Work task → Among the lines of the listing below, retype exactly those from the one containing "Recandoci poi nella" through the one containing "Patrząc na to", both included. Do not include pictures.
-- Given data follows --
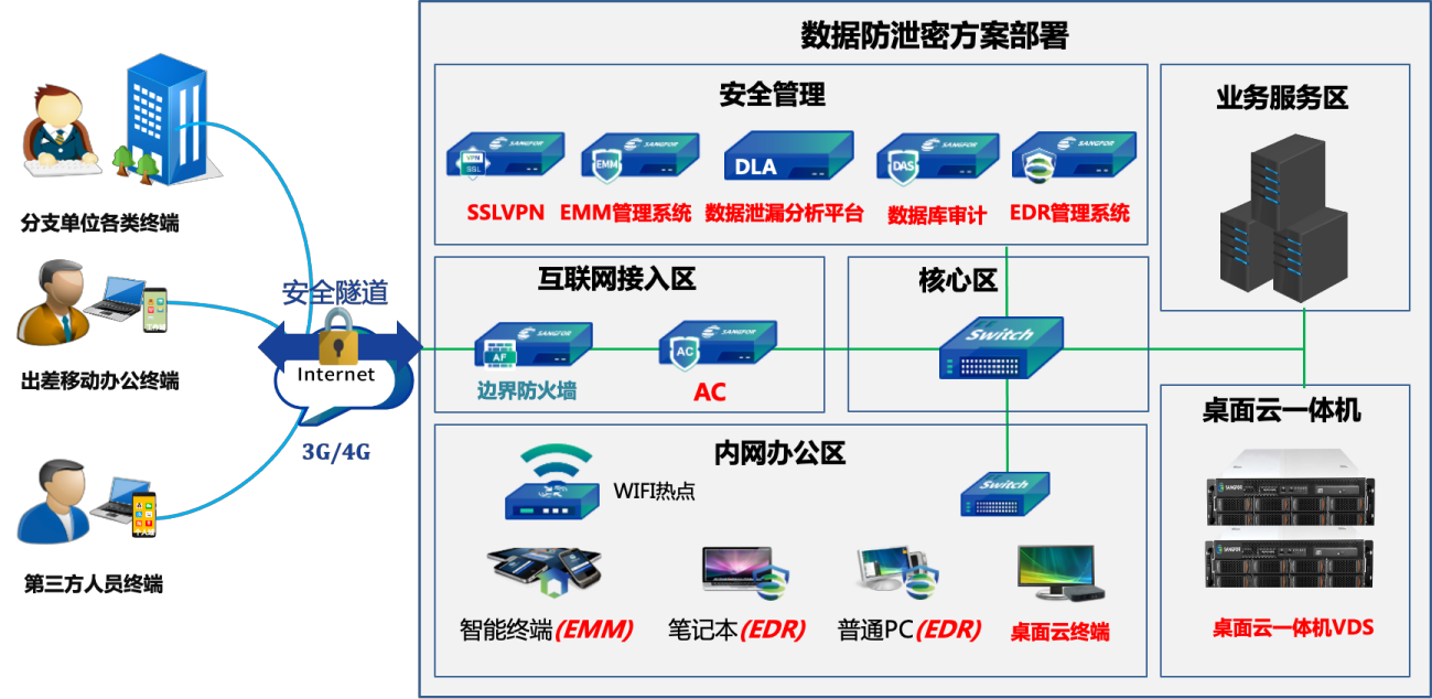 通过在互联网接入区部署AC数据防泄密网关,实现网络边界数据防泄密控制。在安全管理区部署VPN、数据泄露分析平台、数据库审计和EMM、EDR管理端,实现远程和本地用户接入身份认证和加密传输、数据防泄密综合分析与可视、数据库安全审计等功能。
-- Given data concluded --
-- Given data follows --
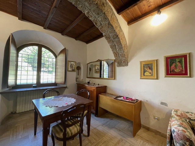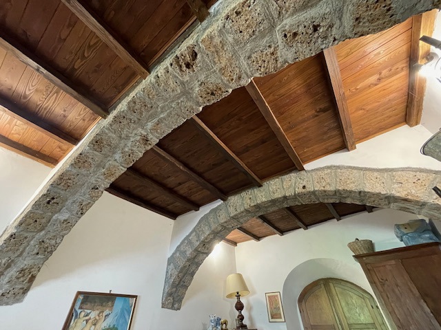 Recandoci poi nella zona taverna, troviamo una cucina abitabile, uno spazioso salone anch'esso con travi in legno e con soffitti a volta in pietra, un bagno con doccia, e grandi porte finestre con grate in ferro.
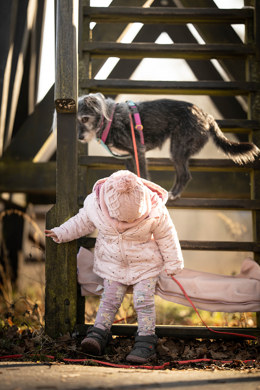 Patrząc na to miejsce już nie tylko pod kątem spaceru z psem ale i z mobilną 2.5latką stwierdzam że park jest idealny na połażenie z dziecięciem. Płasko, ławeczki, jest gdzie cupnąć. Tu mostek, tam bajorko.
-- Given data concluded --
Task answer →
 Recandoci poi nella zona taverna, troviamo una cucina abitabile, uno spazioso salone anch'esso con travi in legno e con soffitti a volta in pietra, un bagno con doccia, e grandi porte finestre con grate in ferro.
 Patrząc na to miejsce już nie tylko pod kątem spaceru z psem ale i z mobilną 2.5latką stwierdzam że park jest idealny na połażenie z dziecięciem. Płasko, ławeczki, jest gdzie cupnąć. Tu mostek, tam bajorko.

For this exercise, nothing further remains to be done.